- Work order
From the listing that follows, output everything exactly except the pictures.

- Input data

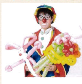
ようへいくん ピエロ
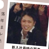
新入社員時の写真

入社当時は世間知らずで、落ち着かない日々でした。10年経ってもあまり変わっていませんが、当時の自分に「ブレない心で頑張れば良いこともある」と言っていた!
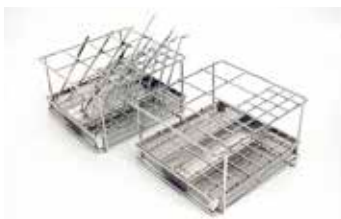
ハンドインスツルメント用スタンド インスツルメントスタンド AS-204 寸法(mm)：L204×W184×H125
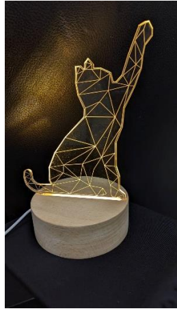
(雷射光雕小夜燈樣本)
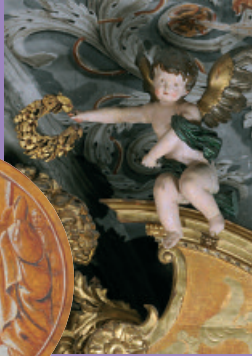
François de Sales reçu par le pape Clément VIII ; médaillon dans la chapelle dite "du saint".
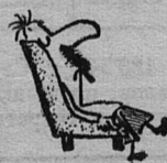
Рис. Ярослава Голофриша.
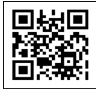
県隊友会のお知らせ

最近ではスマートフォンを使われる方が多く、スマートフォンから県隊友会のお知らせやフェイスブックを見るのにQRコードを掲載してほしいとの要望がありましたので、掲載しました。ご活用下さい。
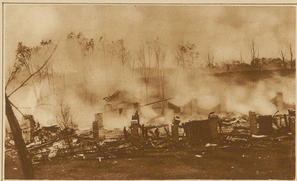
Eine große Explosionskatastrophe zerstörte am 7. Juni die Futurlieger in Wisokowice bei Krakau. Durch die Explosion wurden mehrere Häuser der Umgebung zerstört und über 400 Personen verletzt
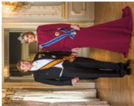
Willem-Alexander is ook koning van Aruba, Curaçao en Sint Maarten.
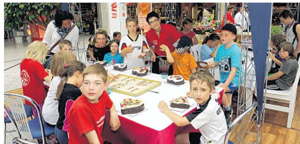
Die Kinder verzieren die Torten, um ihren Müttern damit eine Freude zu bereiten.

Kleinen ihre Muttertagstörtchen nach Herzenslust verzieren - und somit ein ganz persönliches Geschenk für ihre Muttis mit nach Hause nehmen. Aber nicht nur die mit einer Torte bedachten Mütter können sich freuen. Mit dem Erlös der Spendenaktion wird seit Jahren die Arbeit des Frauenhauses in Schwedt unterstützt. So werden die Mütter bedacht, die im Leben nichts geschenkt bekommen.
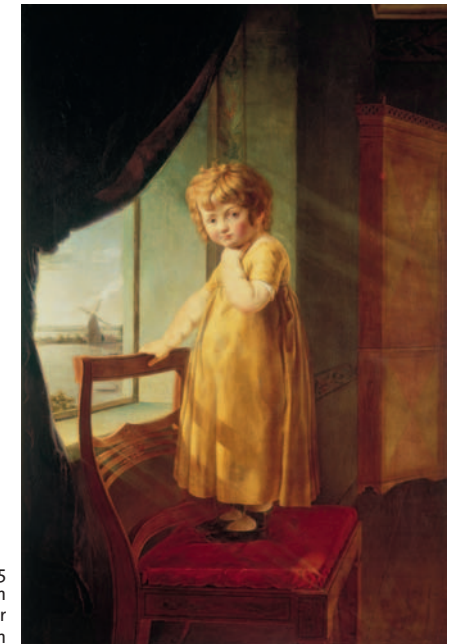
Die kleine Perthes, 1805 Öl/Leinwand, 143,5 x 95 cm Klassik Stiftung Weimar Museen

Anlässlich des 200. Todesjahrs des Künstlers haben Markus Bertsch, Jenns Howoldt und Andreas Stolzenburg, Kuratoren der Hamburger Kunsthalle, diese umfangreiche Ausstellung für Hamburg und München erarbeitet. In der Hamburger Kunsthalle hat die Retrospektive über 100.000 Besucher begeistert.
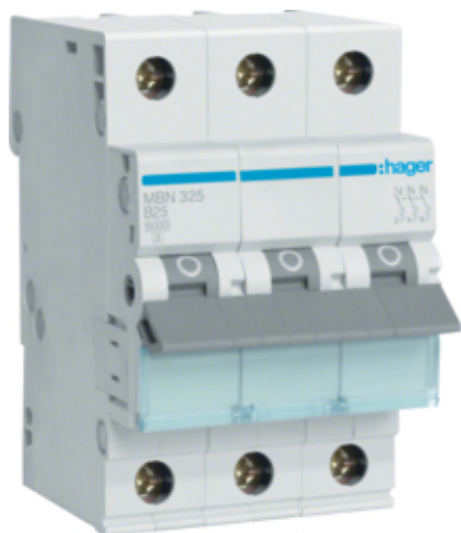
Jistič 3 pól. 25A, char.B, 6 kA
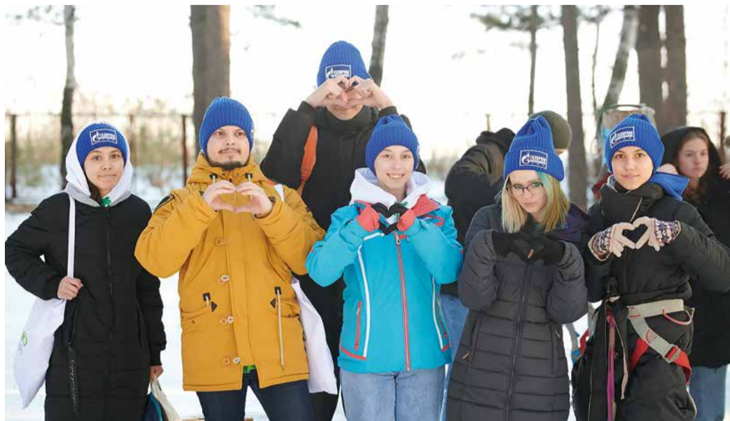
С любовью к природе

- The answer
ようへいくん ピエロ
新入社員時の写真

入社当時は世間知らずで、落ち着かない日々でした。10年経ってもあまり変わっていませんが、当時の自分に「ブレない心で頑張れば良いこともある」と言っていた!
ハンドインスツルメント用スタンド インスツルメントスタンド AS-204 寸法(mm)：L204×W184×H125
(雷射光雕小夜燈樣本)
François de Sales reçu par le pape Clément VIII ; médaillon dans la chapelle dite "du saint".
Рис. Ярослава Голофриша.
県隊友会のお知らせ

最近ではスマートフォンを使われる方が多く、スマートフォンから県隊友会のお知らせやフェイスブックを見るのにQRコードを掲載してほしいとの要望がありましたので、掲載しました。ご活用下さい。
Eine große Explosionskatastrophe zerstörte am 7. Juni die Futurlieger in Wisokowice bei Krakau. Durch die Explosion wurden mehrere Häuser der Umgebung zerstört und über 400 Personen verletzt
Willem-Alexander is ook koning van Aruba, Curaçao en Sint Maarten.
Die Kinder verzieren die Torten, um ihren Müttern damit eine Freude zu bereiten.

Kleinen ihre Muttertagstörtchen nach Herzenslust verzieren - und somit ein ganz persönliches Geschenk für ihre Muttis mit nach Hause nehmen. Aber nicht nur die mit einer Torte bedachten Mütter können sich freuen. Mit dem Erlös der Spendenaktion wird seit Jahren die Arbeit des Frauenhauses in Schwedt unterstützt. So werden die Mütter bedacht, die im Leben nichts geschenkt bekommen.
Die kleine Perthes, 1805 Öl/Leinwand, 143,5 x 95 cm Klassik Stiftung Weimar Museen

Anlässlich des 200. Todesjahrs des Künstlers haben Markus Bertsch, Jenns Howoldt und Andreas Stolzenburg, Kuratoren der Hamburger Kunsthalle, diese umfangreiche Ausstellung für Hamburg und München erarbeitet. In der Hamburger Kunsthalle hat die Retrospektive über 100.000 Besucher begeistert.
Jistič 3 pól. 25A, char.B, 6 kA
С любовью к природе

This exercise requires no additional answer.